Material supplied:
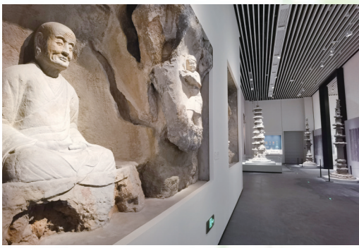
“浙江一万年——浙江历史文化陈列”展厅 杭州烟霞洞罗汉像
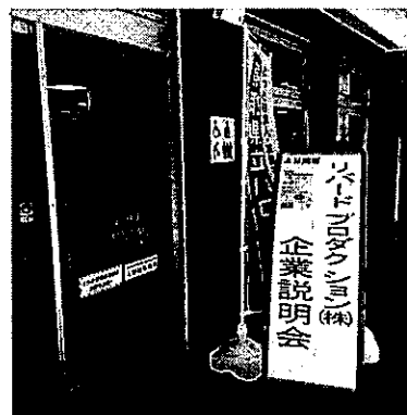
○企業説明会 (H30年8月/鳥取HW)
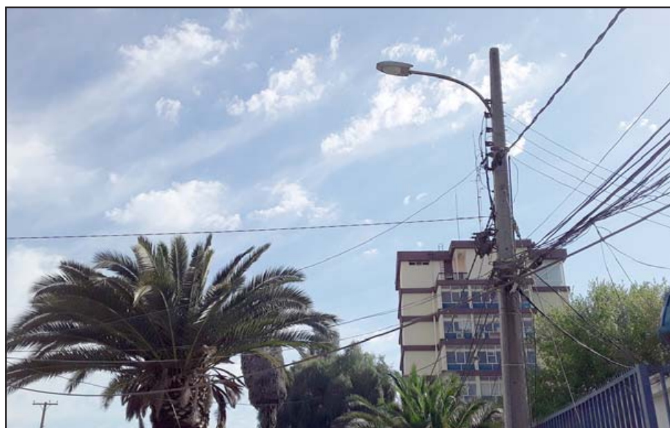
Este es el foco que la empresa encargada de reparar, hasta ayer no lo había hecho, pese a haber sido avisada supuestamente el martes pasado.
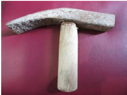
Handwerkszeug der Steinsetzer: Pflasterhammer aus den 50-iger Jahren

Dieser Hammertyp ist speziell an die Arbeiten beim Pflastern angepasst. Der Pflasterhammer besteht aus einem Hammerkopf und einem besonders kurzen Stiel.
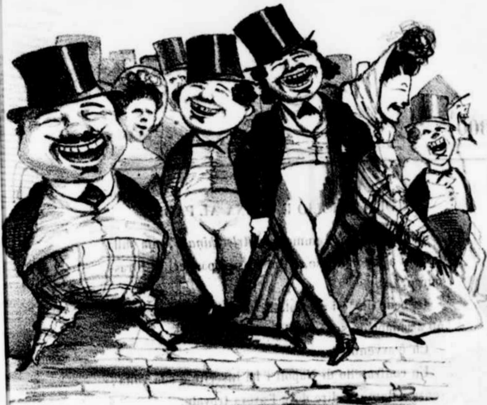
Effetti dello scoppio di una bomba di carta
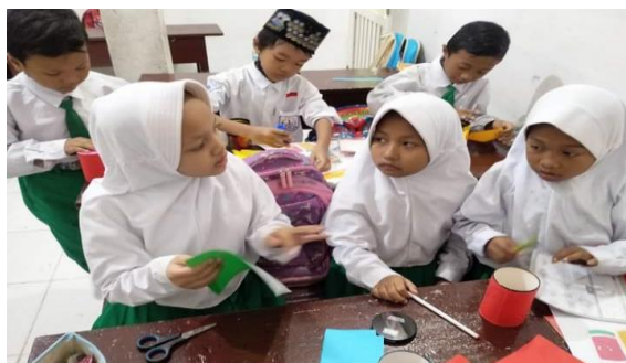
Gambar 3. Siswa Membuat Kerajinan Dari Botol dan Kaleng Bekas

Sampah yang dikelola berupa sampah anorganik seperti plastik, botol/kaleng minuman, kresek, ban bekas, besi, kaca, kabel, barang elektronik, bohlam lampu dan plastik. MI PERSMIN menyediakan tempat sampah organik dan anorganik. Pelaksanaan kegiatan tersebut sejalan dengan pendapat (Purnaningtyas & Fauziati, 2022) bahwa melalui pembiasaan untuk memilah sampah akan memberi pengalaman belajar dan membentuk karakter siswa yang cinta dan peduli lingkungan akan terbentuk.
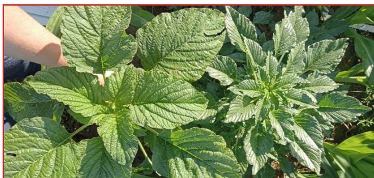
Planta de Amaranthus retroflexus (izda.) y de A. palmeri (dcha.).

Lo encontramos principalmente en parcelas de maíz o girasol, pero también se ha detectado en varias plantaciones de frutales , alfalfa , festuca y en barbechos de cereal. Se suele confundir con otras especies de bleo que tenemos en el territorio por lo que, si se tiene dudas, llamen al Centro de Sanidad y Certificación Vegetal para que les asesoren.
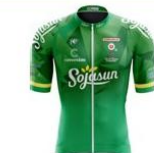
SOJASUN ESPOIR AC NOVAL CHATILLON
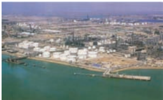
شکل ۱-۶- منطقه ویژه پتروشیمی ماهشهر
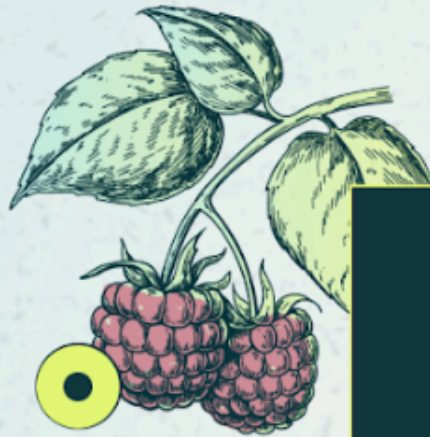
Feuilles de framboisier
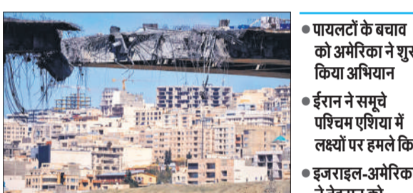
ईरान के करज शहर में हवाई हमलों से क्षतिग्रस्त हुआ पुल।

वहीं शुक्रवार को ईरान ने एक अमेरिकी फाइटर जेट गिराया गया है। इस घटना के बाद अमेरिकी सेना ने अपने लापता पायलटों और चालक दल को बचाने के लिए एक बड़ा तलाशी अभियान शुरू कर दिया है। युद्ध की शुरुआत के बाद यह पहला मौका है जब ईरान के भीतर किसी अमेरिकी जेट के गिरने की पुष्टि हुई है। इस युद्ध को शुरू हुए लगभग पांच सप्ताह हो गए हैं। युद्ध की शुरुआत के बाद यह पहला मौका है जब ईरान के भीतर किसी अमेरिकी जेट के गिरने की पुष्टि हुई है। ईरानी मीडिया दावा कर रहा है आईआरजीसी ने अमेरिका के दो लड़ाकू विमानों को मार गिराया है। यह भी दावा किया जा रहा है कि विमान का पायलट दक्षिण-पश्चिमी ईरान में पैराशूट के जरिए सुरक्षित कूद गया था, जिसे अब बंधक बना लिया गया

Task: Copy only the part of the records that runs from the first line to the line with "Dieser Hammertyp ist", ends included, leaving pictures out.

Finished exercise:
“浙江一万年——浙江历史文化陈列”展厅 杭州烟霞洞罗汉像
○企業説明会 (H30年8月/鳥取HW)
Este es el foco que la empresa encargada de reparar, hasta ayer no lo había hecho, pese a haber sido avisada supuestamente el martes pasado.
Handwerkszeug der Steinsetzer: Pflasterhammer aus den 50-iger Jahren

Dieser Hammertyp ist speziell an die Arbeiten beim Pflastern angepasst. Der Pflasterhammer besteht aus einem Hammerkopf und einem besonders kurzen Stiel.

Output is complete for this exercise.